— Your assignment —
Produce a word-for-word copy of the line that contains "Почетное право поднять" and each line after it through the end of the material, omitting pictures and all other lines.

— Dataset extract —
=== Section Start ===

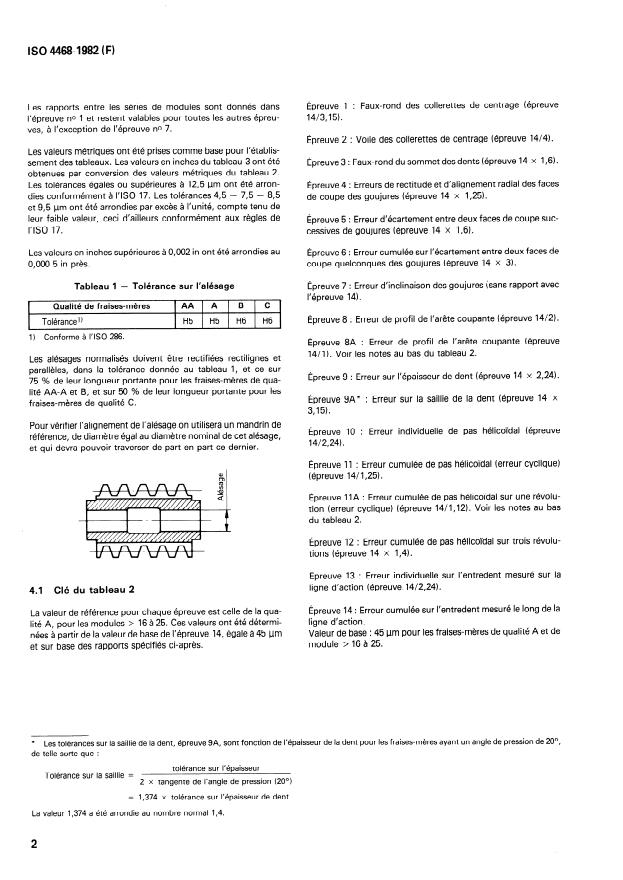 * Les tolcirances SW la saillie de la dent, kpreuve 9A, sont fonction de I’epaisseur de la dent pour les fraises-m&es ayant un angle de pression de 20°,
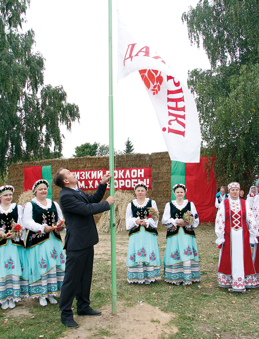 Почетное право поднять флаг праздника «Дажынкі-2015» было предоставлено победителю районного соревнования за достижение лучших показателей на уборке урожая зерновых и зернобобовых культур — комбайнеру ЗАО «Агрокомбинат «Заря» Владимиру Корсаку.
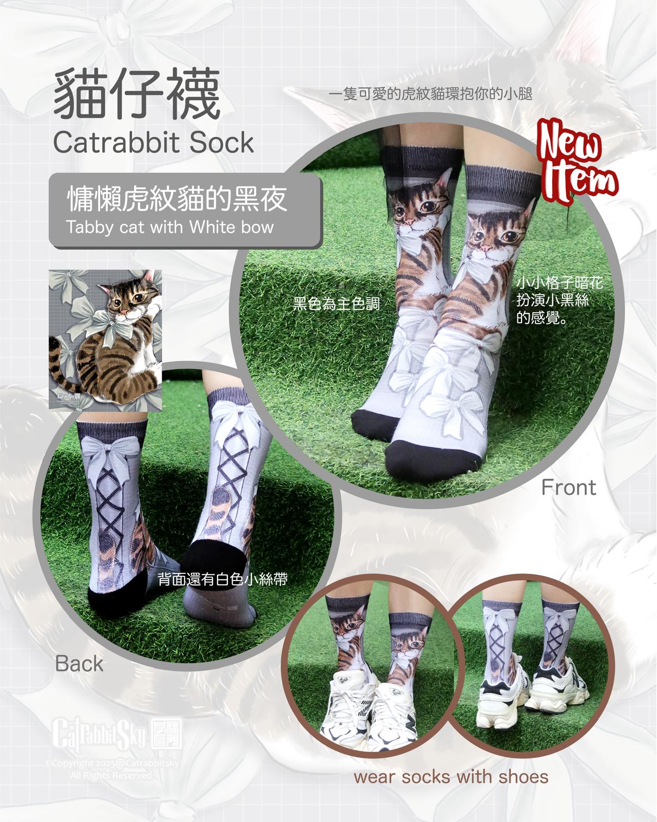 • 襪子正面是一隻可愛的虎紋貓,貓咪有瑪瑙色的眼睛,表情嬌嗲,坐著環抱你的小腿。
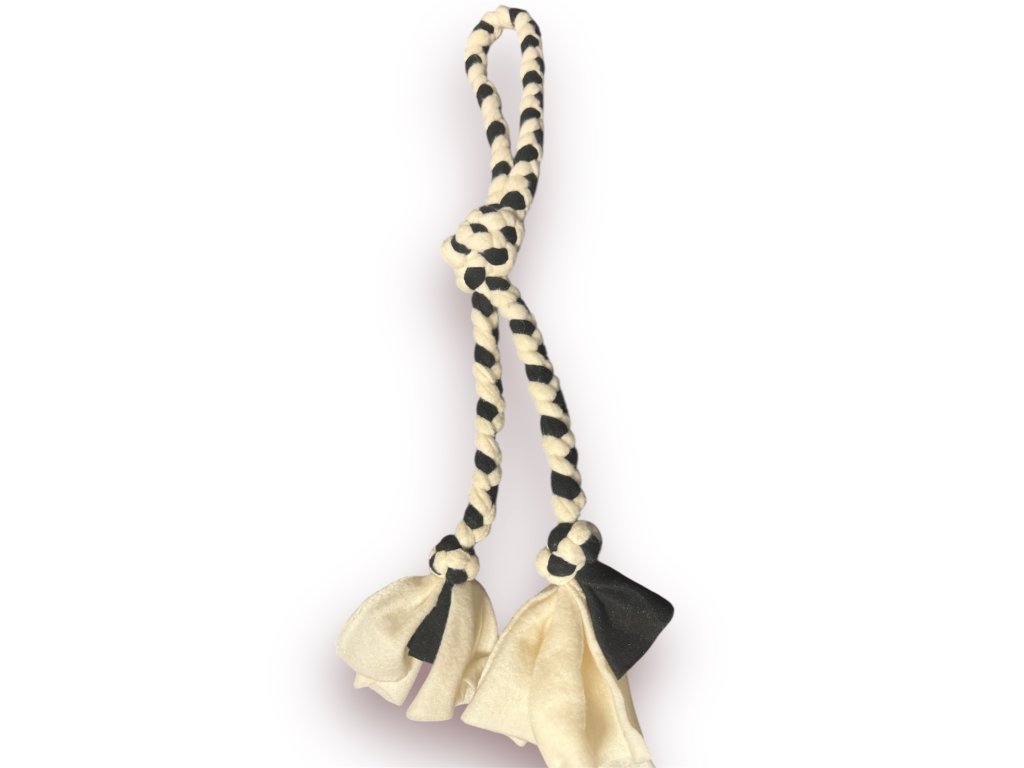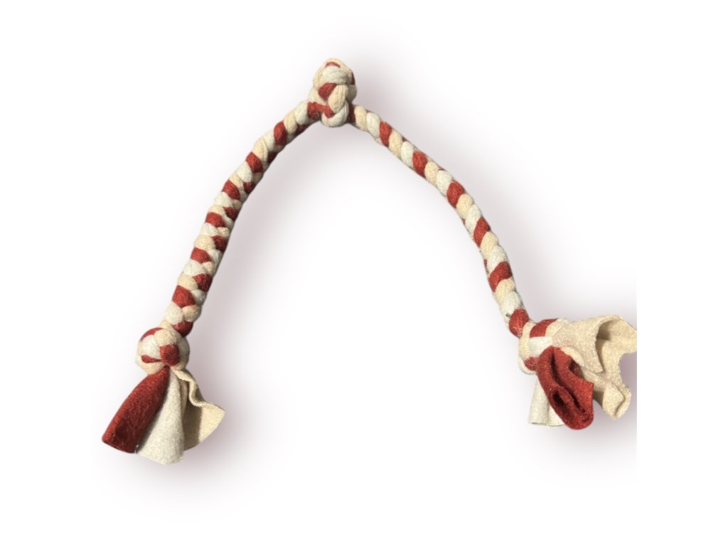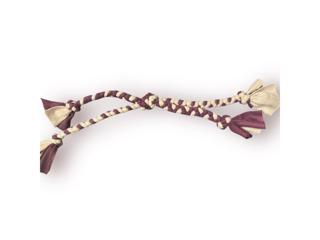 Hračka pro menší pejsky. Ručně pletená hračka vyrobená z jemného fleece materiálu, skvělá přetahovací hračka, hračku lze využít i k výcviku. Každý kousek je originál, různé barvy dle aktuální dostupnosti.

=== Section End ===

— Task output —
 Почетное право поднять флаг праздника «Дажынкі-2015» было предоставлено победителю районного соревнования за достижение лучших показателей на уборке урожая зерновых и зернобобовых культур — комбайнеру ЗАО «Агрокомбинат «Заря» Владимиру Корсаку.
 • 襪子正面是一隻可愛的虎紋貓,貓咪有瑪瑙色的眼睛,表情嬌嗲,坐著環抱你的小腿。
 Hračka pro menší pejsky. Ručně pletená hračka vyrobená z jemného fleece materiálu, skvělá přetahovací hračka, hračku lze využít i k výcviku. Každý kousek je originál, různé barvy dle aktuální dostupnosti.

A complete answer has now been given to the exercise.